2011-01-25 Thread Matthew Dowle

I don't know if that's enough to flip the UTF8 switches
internally in R. If it is enough, then this result may show
I'm barking up the wrong tree. Hopefully someone from
core is watching who knows. Is it feasible that you run
R using an alias, and for some reason the alias is not
picking up your shell variables. Best to rule that out now
by running sessionInfo() at the R prompt.

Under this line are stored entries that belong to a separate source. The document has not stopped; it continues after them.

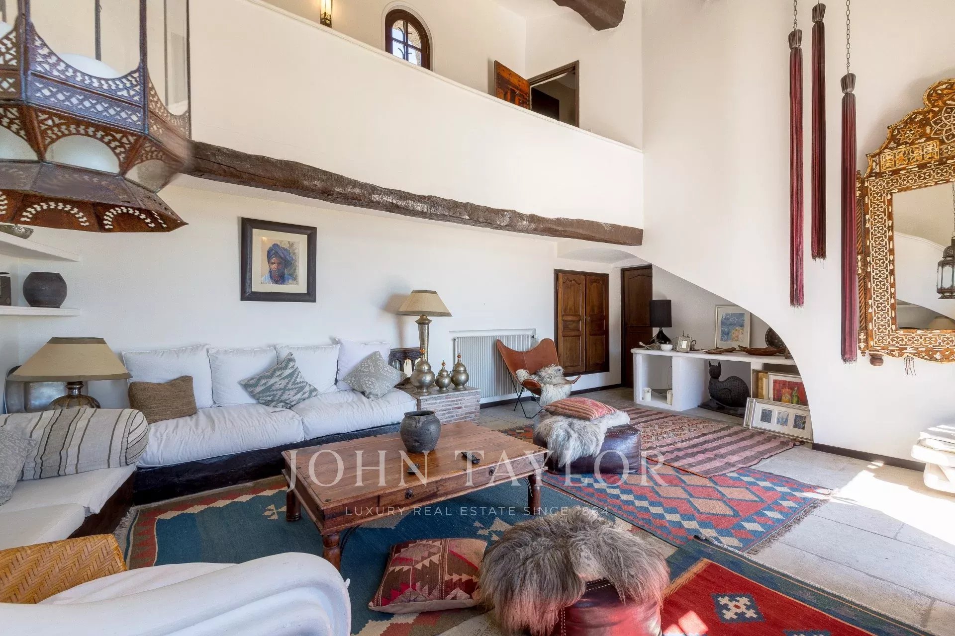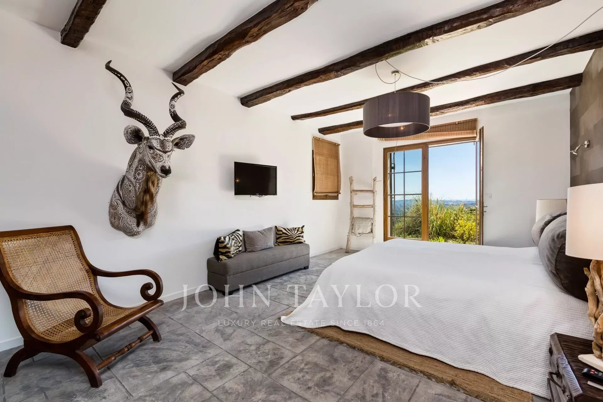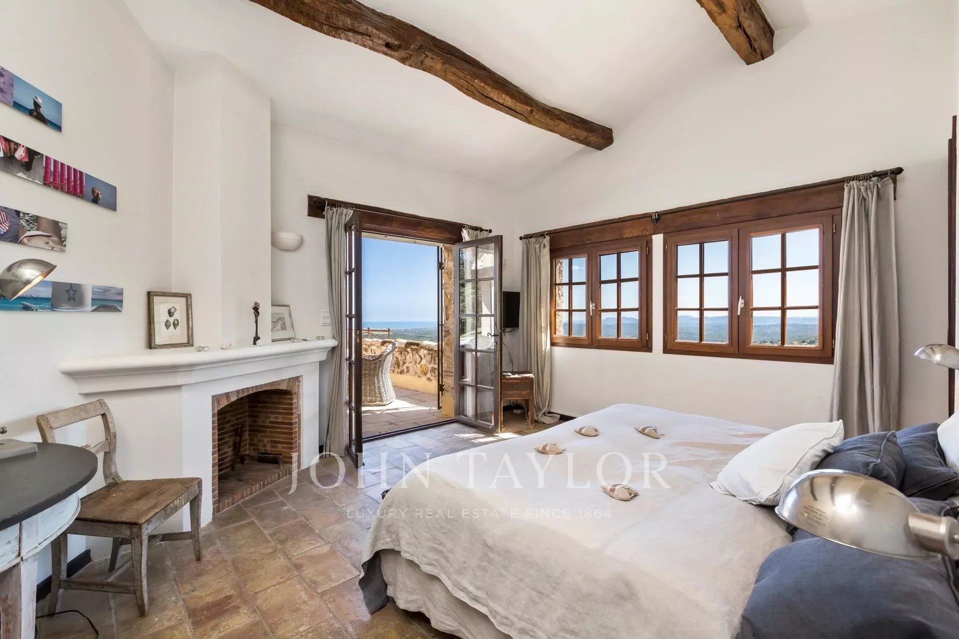 Outside, the stone pool house with its pizza oven, fireplace and large solid wood table opens onto the infinity pool and its enchanting sea view, which can be admired while swimming. Nearby, there's a splendid Moroccan salon for relaxing and a gym.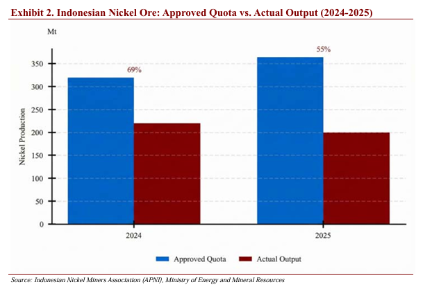 Exhibit 2. 인도네시아 니켈 원광: 승인 쿼터 vs 실제 생산량 (2024-2025)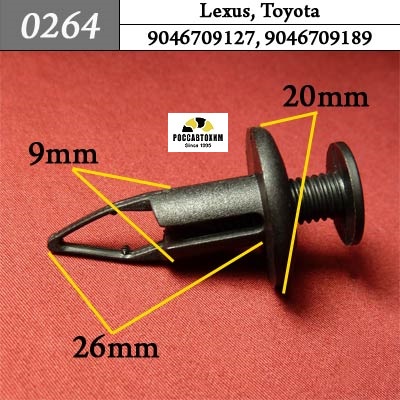 Автомобильный крепёж 0264 автокрепеж для Lexus, Toyota c оригинальным кодом 9046709127, 9046709189 используется на автомобилях Lexus, Toyota для монтажа элементов автомобиля в следующих местах: бампер, защита (различная), отделка (различная) .Характеристики крепежа:Марки и модели: Toyota / Lexus / Toyota Echo (1999-2005) / Camry (1996-2001) / Solara (1998-2002) / Avalon (1995-1999) / Land Cruiser 90 (1996-2008) / Land Cruiser 100 (1998-2007) / Land Cruiser 200 (2007-2012) / Sequoia (2000-2004) / Sequoia (2004-2007) / Land Cruiser Prado (2003-2009) / Sequoia (2000-2004) / Sequoia (2004-2007) / ES300 (1996-2001) / LX470 (1998-2007) / LX570 (2007-) / LX450 (2007-) / GX470 (2002-2009) / IS200 (2001-2005) / IS300 (2001-2005)Место установки: Порог, Салон, Бампер, Надколёсные дуги, Моторный отсек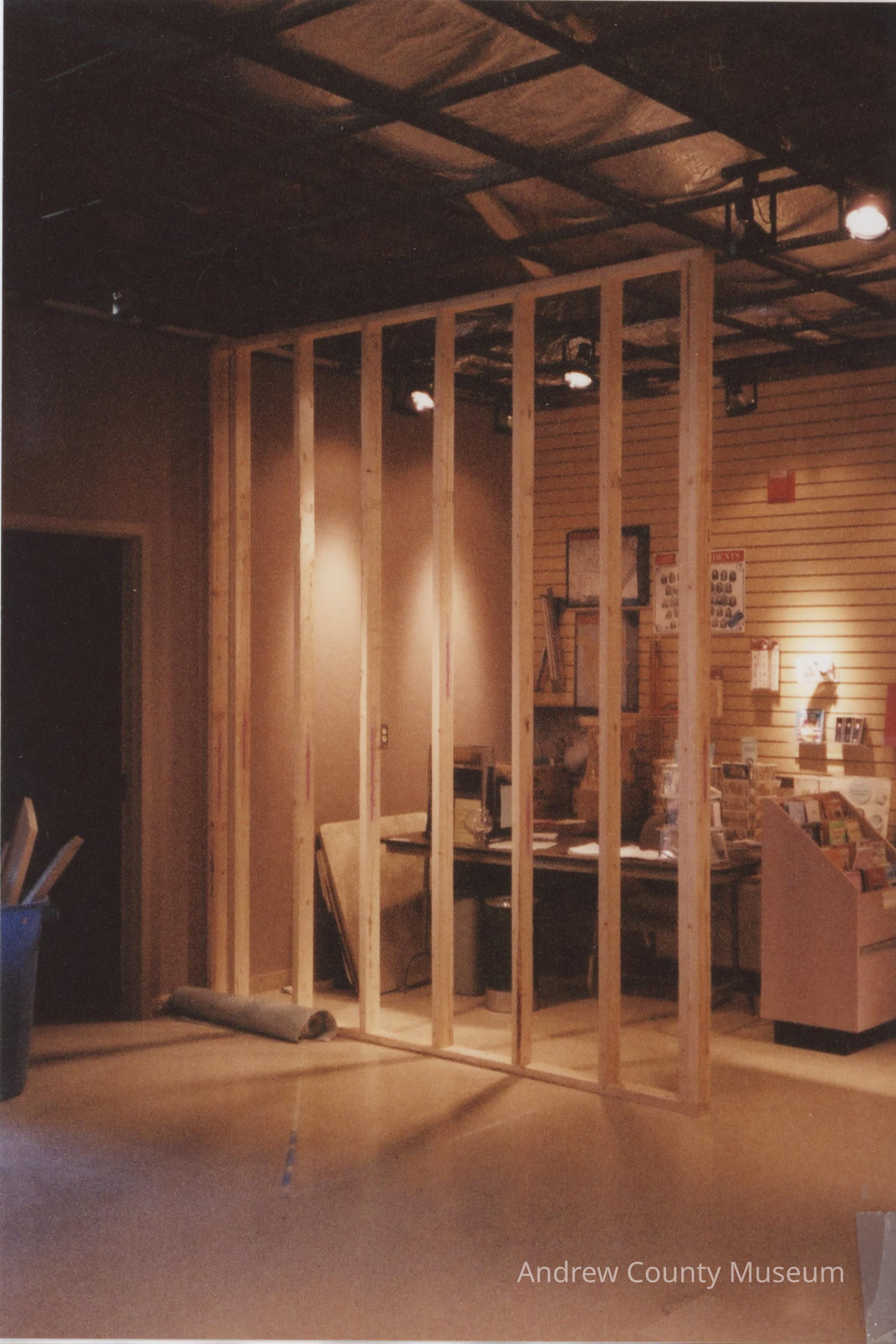 The photograph was taken during the Museum's renovation adding the Orientation Area in 2005. The Orientation Area located in the front of the museum allows guests to get familiar with the museum and to begin their journey with learning more about Andrew County's history. The Orientation Area was completed in 2006.Exhibitions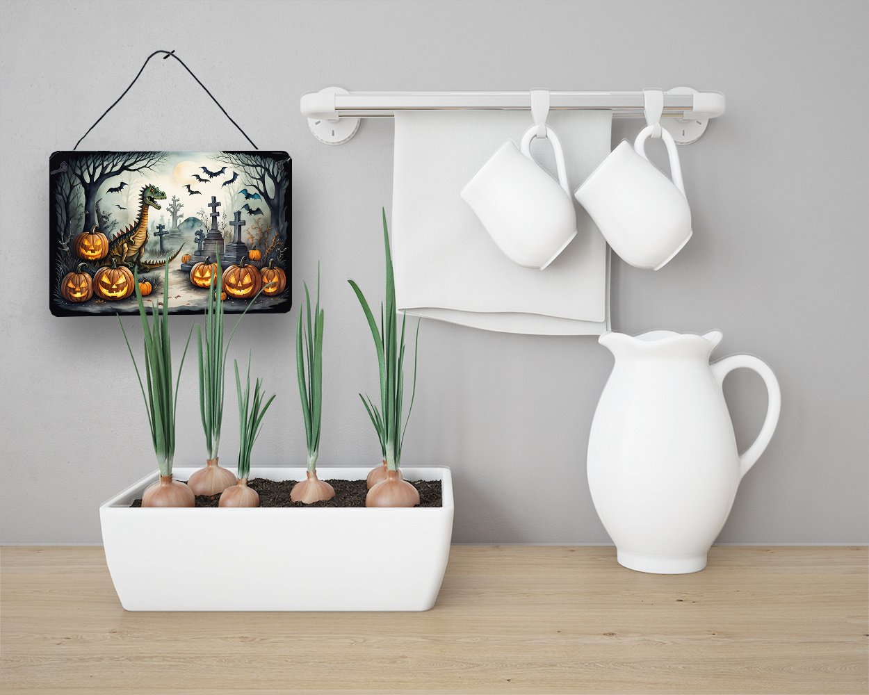 NEW Dinosaurs Spooky Halloween Wall or Door Hanging Prints Aluminum Metal Sign Kitchen Wall Bar Bathroom Plaque Home Decor, 8HX12W, Multicolor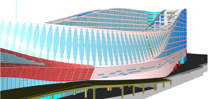 建筑設(shè)計為異形絲綢流線造型,結(jié)構(gòu)輔以大跨度鋼構(gòu)。因流線型造型給主體輪廓提出了更精準的要求,利用BIM技術(shù)根據(jù)幕墻模型確定各功能分區(qū)各層樓板邊界輪廓、及相關(guān)交界面,確保項目的美觀。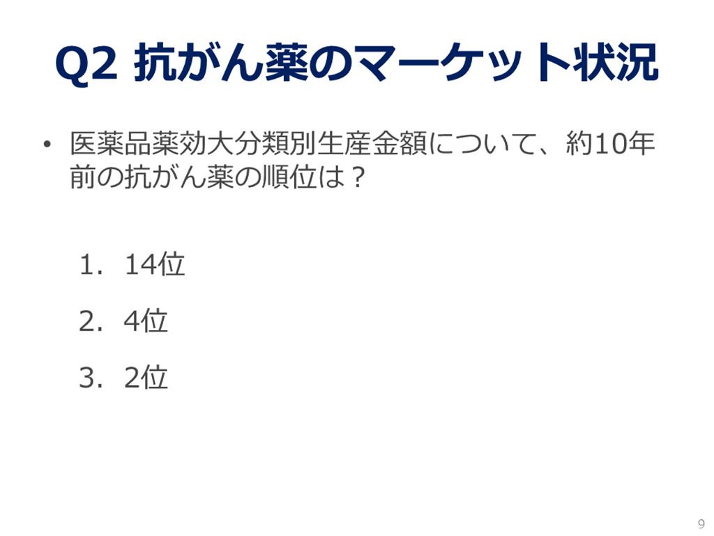 抗がん剤市場の変化や臨床研究法の施行により、医師主導臨床試験の役割も変わりつつあります。臨床試験は企業だけがやっているわけではありません。「製薬企業が関わらない分野の治療開発って何?」と疑問に思った方は是非ともご覧ください。 途中にクイズを出していますので、その時間は動画を止めて、ご自身で回答してみてください。なお、セミナー時に表示されていたzoom上の参加者のクイズに対する解答画面は表示されません。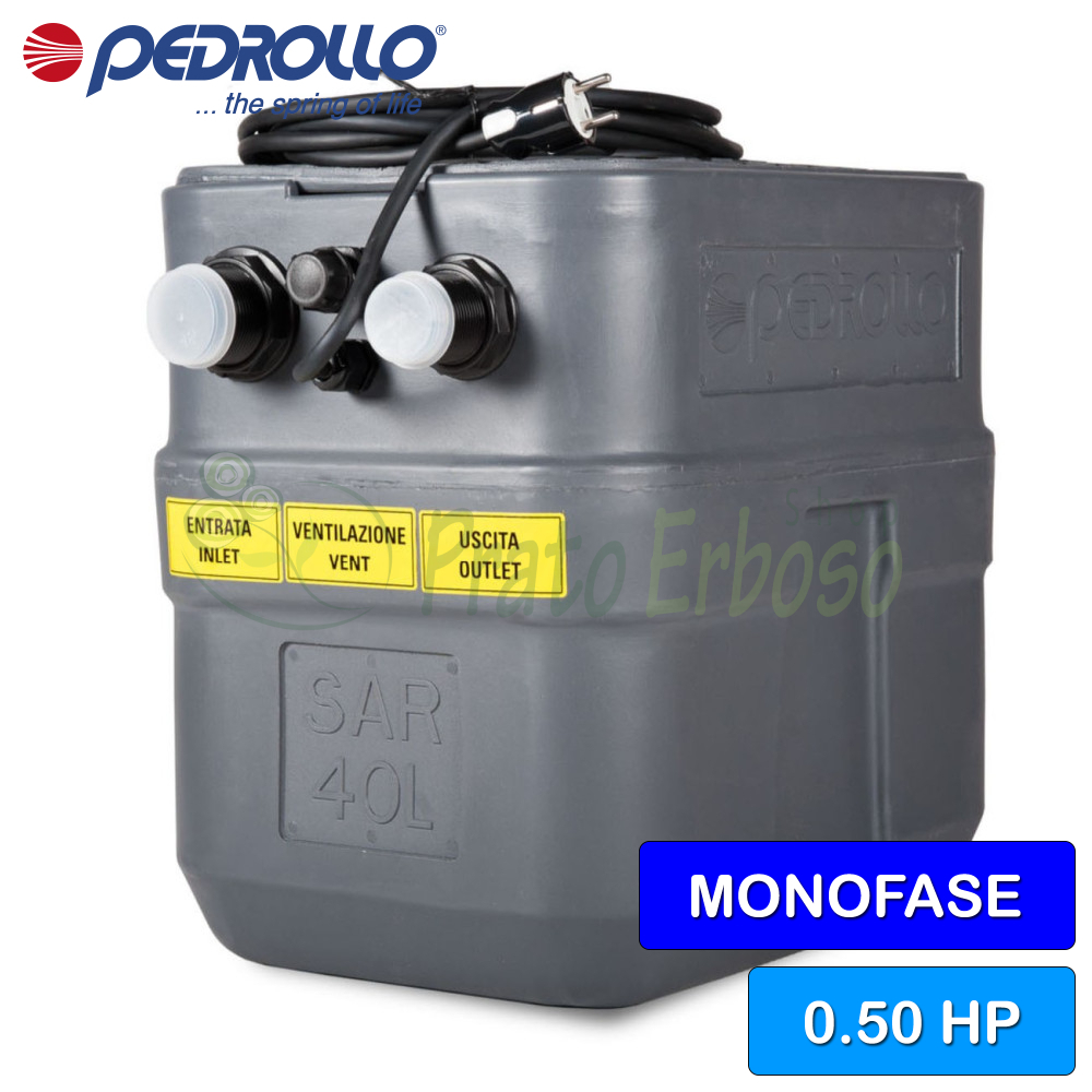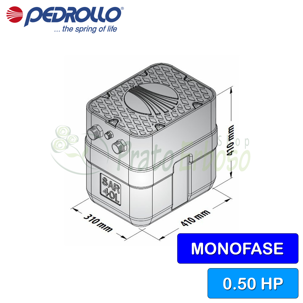 Rezervor de 40 de litri. Pompă Pedrollo TEX 2. Debit de refulare de până la 200 l/min (12 m³/h). Înălțime de pompare de până la 7,5 m. Motor de 0,37 kW (0,50 CP).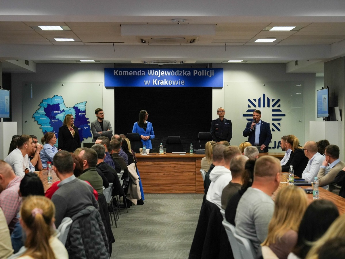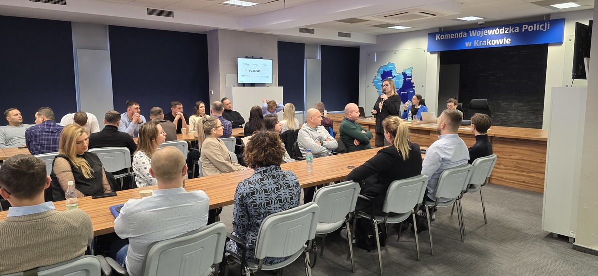 W ubiegłym tygodniu (3 grudnia 2025 roku) w Komendzie Wojewódzkiej Policji w Krakowie odbyło się lokalne doskonalenie zawodowe obejmujące Wybrane aspekty Cyberzagrożeń - przeznaczone dla policjantek i policjantów realizujących w swojej codziennej służbie zadania m.in. z zakresu profilaktyki zagrożeń społecznych na terenie województwa małopolskiego.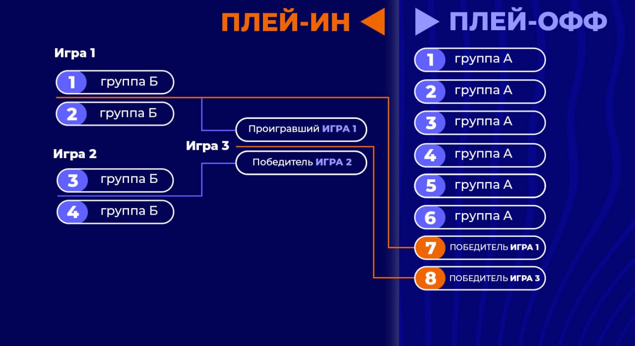 ▫️ 4 лучшие команды группы «Б» по итогам второго этапа сразятся в новом для Лиги этапе чемпионата - плей-ин - за 2 оставшихся места в плей-офф.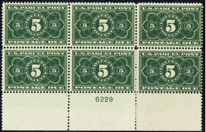 JQ3, Mint F-VF LH 5¢ Plate Block of Six SCV $450.00 * Stuart Katz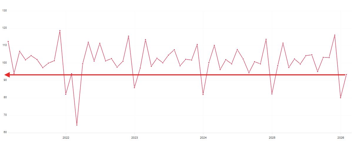 Попри формальне зростання роздрібного товарообігу у річному вимірі, внутрішня динаміка ринку на початку 2026 року викликає серйозне занепокоєння в експертів. Фінансовий аналітик Андрій Шевчишин вказує на сильне просідання продажів у лютому, яке стало найбільшим для цього місяця щонайменше з 2010 року.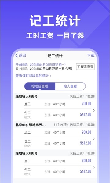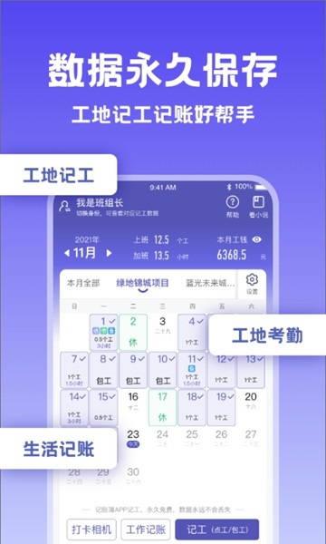 记账簿是专为建筑工人打造的一款便捷记录考勤软件,能够帮助用户快速进行工地管理操作。智能统计数据信息方便快捷查询了解工资情况详情内容等!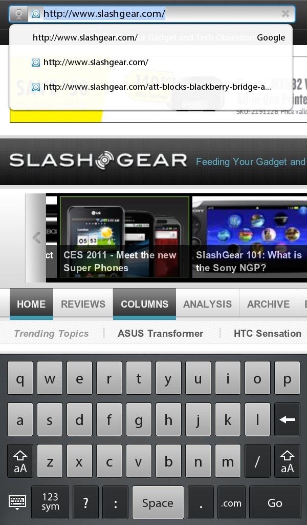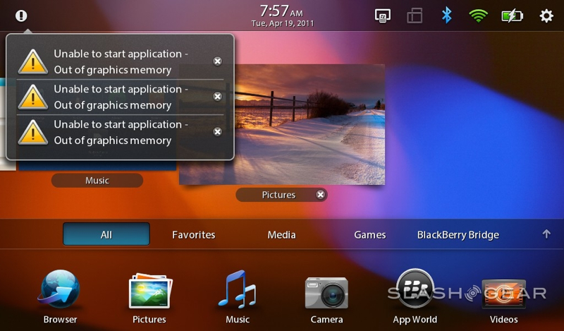 The patchy experience continues into the browser. WebKit based and with Adobe Flash support out of the box, the end experience should be desktop-like but suffers occasional rendering glitches, sluggishness in pages with more than a little Flash content, and tends towards memory hogging. QNX shows low memory status with glowing red in the corners of the display, and all too often we'd find that the browser would simply shut down of its own accord. To be fair, a similar thing can happen with the Safari browser on the iPad, but either way it's a jarring experience on what's arguably meant to be a web-centric device. We also had issues with navigating between pages, with overlapping icons and a tendency to get confused if we allowed our fingers to touch the bezel while holding it.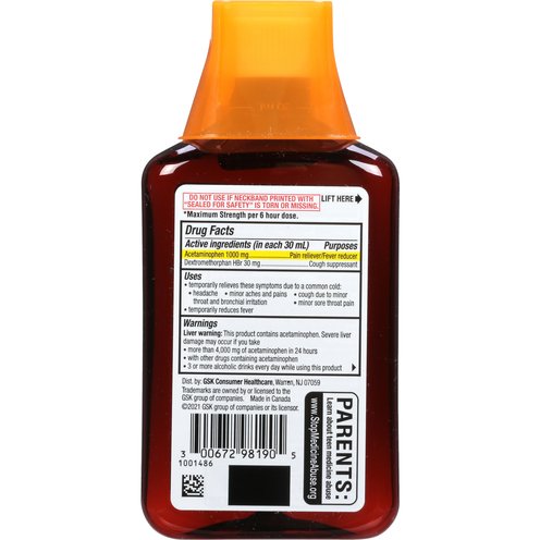In Each 30 mL Warnings: Liver Warning: This product contains acetaminophen. Severe liver damage may occur if you take: more than 4,000 mg of acetaminophen in 24 hours; with other drugs containing acetaminophen; 3 or more alcoholic drinks every day while using this product. Allergy Alert: Acetaminophen may cause severe skin reactions. Symptoms may include:: skin reddening; blisters; rash. If a skin reaction occurs, stop use and seek medical help right away. Sore throat warning: if sore throat is severe, persists for more than 2 days, is accompanied or followed by fever, headache, rash, nausea, or vomiting consult a doctor promptly. Do not use: in a child under 12 years of age; if you are allergic to acetaminophen; with any other drug containing acetaminophen (prescription or nonprescription). If you are not sure whether a drug contains acetaminophen, ask a doctor or pharmacist; if you are now taking a prescription monoamine oxidase inhibitor (MAOI) (certain drugs for depression. psychiatric or emotional conditions, or Parkinson's disease). or for 2 weeks after stopping the MAOI drug. If you do not know if your prescription drug contains an MAOI, ask a doctor or pharmacist before taking this product. Ask a doctor before use if you have: liver disease; a breathing problem such as emphysema or chronic bronchitis; cough that occurs with too much phlegm (mucus); cough that lasts or is chronic such as occurs with smoking, asthma or emphysema. Ask a doctor or pharmacist before use if you are: taking the blood thinning drug warfarin When using this product do not exceed recommended dosage. Stop use and ask a doctor if: pain or cough gets worse or lasts more than 7 days; fever gets worse or lasts more than 3 days; redness or swelling is present; new symptoms occur; cough comes back or occurs with rash or headache that lasts. These could be signs of a serious condition. If pergnant or breast-feeding, ask a health professional before use. Keep out of reach of children. In case of overdose, get medical help or contact a Poison Control Center right away. Prompt medical attention is critical for adults as well as for children even if you do not notice any signs or symptoms. Do not use if neckband printed with sealed for safety is torn or missing.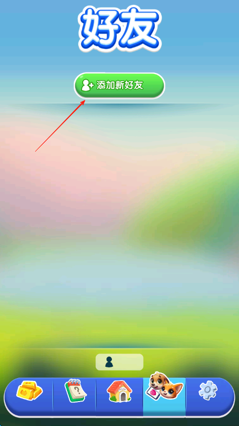 1、打开游戏,进入主界面,按红箭头方向点击底部带有猫狗头像的好友图标。

Otherwise do you know profiling tools sufficiently to trace the
problem at the C level as it runs on Windows?

Matthew

Karl Ove Hufthammer k...@huftis.org wrote in message 
news:ihm9qq$9ej$1...@dough.gmane.org...
 Matthew Dowle wrote:

 I'm not sure, but note the difference in locale between
 Linux (UTF-8) and Windows (non UTF-8). As far as I
 understand it R much prefers UTF-8, which Windows doesn't
 natively support. Otherwise you could just change your
 Windows locale to a UTF-8 locale to make R happier.

 [...]

 If anybody knows a way to trick R on Linux into thinking it has
 an encoding similar to Windows then I may be able to take a
 look if I can reproduce the problem in Linux.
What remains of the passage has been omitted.